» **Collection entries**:
....................
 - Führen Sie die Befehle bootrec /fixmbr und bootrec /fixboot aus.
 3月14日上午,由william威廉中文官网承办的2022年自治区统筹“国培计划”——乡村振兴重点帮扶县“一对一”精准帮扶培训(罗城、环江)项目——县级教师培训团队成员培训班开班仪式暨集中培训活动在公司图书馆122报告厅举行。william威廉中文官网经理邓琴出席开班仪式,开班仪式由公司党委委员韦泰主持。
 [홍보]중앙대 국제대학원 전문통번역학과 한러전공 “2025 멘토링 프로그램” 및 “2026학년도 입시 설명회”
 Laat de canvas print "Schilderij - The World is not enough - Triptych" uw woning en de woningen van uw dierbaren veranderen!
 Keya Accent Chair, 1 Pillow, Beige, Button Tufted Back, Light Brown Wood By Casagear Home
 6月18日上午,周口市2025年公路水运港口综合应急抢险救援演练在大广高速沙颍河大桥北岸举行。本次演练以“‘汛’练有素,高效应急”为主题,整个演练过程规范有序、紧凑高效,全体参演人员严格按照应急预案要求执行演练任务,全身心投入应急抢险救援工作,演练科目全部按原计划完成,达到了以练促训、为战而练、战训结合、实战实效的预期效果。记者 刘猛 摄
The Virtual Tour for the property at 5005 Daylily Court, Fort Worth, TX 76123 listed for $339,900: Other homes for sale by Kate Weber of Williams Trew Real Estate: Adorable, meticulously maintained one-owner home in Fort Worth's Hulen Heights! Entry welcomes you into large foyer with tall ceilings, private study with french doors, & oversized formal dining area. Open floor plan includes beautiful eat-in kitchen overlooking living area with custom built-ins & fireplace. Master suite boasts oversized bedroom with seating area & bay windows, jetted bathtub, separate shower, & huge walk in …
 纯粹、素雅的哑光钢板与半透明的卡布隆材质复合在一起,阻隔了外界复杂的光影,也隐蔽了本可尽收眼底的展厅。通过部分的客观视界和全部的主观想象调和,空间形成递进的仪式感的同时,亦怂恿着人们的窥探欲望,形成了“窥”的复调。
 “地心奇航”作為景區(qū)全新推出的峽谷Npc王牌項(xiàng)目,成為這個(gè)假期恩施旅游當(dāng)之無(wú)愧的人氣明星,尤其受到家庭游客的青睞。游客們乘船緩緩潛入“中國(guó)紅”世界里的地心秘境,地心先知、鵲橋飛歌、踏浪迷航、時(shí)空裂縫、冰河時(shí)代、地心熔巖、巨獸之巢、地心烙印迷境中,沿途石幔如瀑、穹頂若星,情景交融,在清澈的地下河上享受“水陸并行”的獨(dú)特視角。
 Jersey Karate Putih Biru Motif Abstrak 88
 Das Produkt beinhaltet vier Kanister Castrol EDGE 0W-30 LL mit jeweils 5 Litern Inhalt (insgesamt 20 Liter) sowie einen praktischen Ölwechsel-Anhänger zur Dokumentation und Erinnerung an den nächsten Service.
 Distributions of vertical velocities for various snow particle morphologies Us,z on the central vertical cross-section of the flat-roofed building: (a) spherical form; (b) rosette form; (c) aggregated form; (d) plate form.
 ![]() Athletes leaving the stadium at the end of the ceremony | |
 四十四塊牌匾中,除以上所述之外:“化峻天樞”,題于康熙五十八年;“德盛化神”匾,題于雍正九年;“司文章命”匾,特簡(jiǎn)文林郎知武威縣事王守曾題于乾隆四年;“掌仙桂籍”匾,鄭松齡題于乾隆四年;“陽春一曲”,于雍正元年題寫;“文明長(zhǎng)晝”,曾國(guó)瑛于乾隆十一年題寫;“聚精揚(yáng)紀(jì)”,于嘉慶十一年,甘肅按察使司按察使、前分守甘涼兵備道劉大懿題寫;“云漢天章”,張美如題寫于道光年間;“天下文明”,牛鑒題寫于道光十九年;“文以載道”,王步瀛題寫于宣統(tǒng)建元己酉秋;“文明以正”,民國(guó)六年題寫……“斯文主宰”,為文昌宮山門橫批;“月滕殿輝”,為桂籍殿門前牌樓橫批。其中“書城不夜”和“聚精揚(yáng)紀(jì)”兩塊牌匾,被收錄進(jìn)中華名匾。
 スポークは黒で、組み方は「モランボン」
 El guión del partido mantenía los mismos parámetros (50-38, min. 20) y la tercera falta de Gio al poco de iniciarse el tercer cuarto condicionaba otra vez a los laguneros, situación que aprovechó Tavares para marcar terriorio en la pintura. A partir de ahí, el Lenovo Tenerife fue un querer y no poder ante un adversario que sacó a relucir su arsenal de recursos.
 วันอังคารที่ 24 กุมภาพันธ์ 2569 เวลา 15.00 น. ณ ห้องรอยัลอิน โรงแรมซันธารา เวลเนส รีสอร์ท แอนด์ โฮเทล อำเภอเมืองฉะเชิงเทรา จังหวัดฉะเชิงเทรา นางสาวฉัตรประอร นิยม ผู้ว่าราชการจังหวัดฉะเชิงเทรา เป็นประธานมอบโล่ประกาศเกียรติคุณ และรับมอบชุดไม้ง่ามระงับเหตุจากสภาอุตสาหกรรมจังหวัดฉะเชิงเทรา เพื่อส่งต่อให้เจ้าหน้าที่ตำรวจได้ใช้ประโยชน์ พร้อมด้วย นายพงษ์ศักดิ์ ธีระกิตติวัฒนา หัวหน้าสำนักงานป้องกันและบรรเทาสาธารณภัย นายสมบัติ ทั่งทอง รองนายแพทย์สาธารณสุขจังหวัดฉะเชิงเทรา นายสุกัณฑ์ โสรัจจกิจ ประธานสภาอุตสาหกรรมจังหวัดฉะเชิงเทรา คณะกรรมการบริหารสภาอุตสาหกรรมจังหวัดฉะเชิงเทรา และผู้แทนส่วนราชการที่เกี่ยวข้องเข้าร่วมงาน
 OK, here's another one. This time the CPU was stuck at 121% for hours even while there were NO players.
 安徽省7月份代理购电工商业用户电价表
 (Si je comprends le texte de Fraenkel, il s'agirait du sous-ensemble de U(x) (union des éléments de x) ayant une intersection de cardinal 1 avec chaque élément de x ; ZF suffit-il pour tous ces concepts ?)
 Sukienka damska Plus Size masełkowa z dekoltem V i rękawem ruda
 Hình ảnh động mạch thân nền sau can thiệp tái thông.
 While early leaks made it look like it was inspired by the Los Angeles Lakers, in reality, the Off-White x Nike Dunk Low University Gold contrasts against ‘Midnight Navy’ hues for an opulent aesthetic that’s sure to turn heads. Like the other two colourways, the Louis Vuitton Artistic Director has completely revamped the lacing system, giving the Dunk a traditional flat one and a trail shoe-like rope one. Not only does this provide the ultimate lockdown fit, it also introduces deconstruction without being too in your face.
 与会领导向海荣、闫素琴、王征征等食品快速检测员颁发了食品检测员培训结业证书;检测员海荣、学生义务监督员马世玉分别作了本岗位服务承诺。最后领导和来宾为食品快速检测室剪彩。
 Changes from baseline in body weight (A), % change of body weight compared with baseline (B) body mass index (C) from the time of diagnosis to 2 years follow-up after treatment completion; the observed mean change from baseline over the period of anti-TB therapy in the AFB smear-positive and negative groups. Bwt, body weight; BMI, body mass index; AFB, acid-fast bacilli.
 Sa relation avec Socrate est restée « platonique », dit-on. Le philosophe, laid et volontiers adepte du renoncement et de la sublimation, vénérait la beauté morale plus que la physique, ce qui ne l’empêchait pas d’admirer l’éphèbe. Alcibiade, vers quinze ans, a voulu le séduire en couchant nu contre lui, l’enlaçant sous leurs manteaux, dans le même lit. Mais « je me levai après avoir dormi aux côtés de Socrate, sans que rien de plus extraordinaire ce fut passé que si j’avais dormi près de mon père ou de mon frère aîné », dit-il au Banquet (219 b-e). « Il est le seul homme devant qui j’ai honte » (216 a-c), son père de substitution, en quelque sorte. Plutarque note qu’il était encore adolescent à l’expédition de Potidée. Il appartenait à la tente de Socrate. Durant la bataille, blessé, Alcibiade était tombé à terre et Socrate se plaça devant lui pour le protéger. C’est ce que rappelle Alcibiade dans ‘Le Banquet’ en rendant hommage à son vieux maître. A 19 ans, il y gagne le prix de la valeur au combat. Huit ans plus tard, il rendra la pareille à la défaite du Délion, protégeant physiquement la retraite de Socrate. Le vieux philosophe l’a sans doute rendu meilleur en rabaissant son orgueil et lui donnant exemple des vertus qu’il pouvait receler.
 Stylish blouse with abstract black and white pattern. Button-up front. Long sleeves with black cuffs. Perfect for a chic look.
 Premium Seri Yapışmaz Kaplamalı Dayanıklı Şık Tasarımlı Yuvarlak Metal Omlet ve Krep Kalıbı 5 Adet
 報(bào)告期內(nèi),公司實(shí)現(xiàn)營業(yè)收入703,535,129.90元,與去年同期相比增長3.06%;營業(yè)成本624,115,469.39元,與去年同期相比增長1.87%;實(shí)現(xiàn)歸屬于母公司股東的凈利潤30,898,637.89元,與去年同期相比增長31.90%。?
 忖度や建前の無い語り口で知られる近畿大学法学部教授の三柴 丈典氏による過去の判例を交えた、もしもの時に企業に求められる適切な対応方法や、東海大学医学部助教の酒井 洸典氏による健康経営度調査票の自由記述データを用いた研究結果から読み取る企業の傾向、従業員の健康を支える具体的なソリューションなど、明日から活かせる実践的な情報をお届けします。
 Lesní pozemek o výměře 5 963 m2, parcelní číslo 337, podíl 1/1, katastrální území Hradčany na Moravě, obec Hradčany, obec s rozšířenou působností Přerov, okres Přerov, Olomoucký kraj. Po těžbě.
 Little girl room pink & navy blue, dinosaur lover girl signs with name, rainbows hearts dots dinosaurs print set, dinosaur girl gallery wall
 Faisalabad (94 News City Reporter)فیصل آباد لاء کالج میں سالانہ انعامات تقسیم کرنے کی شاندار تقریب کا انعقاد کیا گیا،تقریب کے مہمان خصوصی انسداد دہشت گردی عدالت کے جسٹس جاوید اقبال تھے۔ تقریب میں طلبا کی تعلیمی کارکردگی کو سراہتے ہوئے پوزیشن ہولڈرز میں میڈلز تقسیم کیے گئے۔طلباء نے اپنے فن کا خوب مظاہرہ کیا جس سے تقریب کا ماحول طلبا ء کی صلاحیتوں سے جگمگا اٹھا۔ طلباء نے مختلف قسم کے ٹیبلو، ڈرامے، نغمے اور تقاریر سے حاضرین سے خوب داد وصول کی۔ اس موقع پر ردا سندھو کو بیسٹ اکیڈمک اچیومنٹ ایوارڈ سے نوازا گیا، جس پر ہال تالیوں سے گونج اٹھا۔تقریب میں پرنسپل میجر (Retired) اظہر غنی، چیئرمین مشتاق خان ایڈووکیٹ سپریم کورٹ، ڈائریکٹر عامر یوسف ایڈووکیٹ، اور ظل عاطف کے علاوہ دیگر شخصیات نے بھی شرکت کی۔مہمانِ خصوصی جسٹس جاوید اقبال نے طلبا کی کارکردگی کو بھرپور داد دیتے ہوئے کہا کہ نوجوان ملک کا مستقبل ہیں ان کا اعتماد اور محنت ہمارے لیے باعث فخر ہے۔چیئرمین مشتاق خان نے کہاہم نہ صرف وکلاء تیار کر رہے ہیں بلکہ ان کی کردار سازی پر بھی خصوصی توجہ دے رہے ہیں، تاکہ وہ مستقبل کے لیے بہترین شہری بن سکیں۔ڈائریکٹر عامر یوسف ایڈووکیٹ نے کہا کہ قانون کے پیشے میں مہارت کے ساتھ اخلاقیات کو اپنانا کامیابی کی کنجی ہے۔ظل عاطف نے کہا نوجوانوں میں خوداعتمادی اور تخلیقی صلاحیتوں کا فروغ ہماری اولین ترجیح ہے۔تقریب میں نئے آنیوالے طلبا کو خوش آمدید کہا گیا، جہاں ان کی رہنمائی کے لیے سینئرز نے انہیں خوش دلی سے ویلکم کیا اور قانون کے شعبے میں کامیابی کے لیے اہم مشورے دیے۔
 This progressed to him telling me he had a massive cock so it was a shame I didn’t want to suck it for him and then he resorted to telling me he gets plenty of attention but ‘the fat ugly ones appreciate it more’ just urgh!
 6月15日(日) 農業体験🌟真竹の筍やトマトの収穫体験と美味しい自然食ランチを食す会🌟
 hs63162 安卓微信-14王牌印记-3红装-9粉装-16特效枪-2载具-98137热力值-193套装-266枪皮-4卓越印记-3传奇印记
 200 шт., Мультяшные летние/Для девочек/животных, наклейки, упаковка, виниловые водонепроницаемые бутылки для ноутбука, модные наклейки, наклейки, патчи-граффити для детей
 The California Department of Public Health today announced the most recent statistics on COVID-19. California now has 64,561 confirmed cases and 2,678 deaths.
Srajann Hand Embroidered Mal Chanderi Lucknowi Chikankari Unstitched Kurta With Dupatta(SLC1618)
....................
Take every line above that includes "print" and list it.

» **Solution below**:
 Laat de canvas print "Schilderij - The World is not enough - Triptych" uw woning en de woningen van uw dierbaren veranderen!
 Little girl room pink & navy blue, dinosaur lover girl signs with name, rainbows hearts dots dinosaurs print set, dinosaur girl gallery wall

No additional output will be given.